Louis drives to the hospital in the morning, holding my hand in silence the entire way. I don’t know what to say, but Louis always seems to.

“Talk to me, Lou,” I squeeze his hand and look over at his tired expression. He has a scalding cup of tea sitting between us, but he hasn’t touched it yet.

“What do you want to talk about, H?” I can tell he’s trying to seem carefree. Neither of us slept, though, and it’s starting to catch up with us both.

“I don’t know. I just want to hear your voice. Tell me a story,” my request makes me feel childish, but I really just want him to say something, anything, to soothe me.

“Alright, here goes,” he rests our hands on my thigh and takes a quick breath, “Once upon a time there were two boys. The older boy, let’s call him Logan, was head over heels the moment he saw the younger, and we’ll call him Henry. So, Logan tried these cheesy pick-up lines and felt his heart flutter when they worked. They fell in love way too quickly, and didn’t give it a second thought. To be honest, the two were quite opposites, but Henry found Logan very charming and exciting-“

“Exciting, eh? I suppose so. Full of himself? Absolutely,” I chuckle.

“Oh, you wouldn’t know, since you’ve never heard the story, yeah?” he grins and turns his focus to the road again, “Anyway, they moved in together and it was the proudest moment of Logan’s life. He was so scared of fucking it up, though, because Henry was just way out of his league. So, he tried to do everything he could to keep Henry around; he’d lay down his own life if it meant he never lived a day without Henry. Now, don’t get me wrong, shit was hard. No one wanted them to be together, and their job made their relationship practically impossible. Only, their love was always stronger than that.”

There’s a glint in Louis’ eye and I know he didn’t intend to get emotional. I’ve already started crying. Well, I haven’t really stopped crying since about four o’clock this morning when I last threw up. But, I’m glad I have Louis there for me during my nausea now.

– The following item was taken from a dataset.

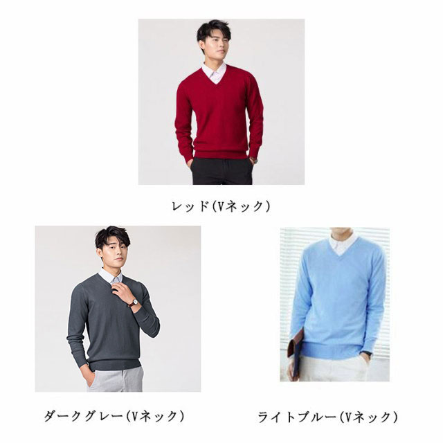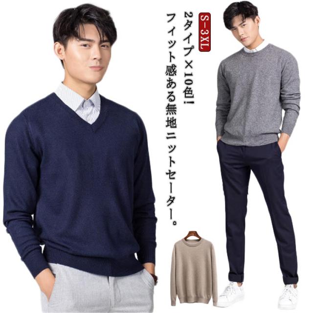 2タイプ×10色!メンズセーター Vネック ラウンドネック スクールセーター ニット セーター メンズ 男子 無地 紳士 ビジネス 学校 通学 通勤 会社 高校生 大きサイズ 秋 冬 防寒 洗える 送料無料

“Their love was the most important part of their lives, even though it didn’t always seem like it. They loved their jobs, but they loved each other more. They loved their friends, but they still loved each other more. They loved each other so much that they made a promise to be together for the rest of their lives. Logan got this sick house and surprised Henry and it was really fucking romantic,” I laugh through my tears, bringing our intertwined hands up to my lips and kissing his knuckles, “And then Henry got sick-“

“I think I can take it from here,” I interrupt, “Henry got sick and he was terrified of telling- Logan, was it?” Louis nods, smiling solemnly, “So, he didn’t tell him for a while, and it was the most difficult thing Henry has ever dealt with. He’ll regret waiting to tell Logan for the rest of his life-“ I shake my head and try not to cry any harder, “Louis, I should have told you from the beginning; I’m so sorry. I feel right shit about it. I can’t go back and do this surgery knowing that I haven’t properly apologized for it all.”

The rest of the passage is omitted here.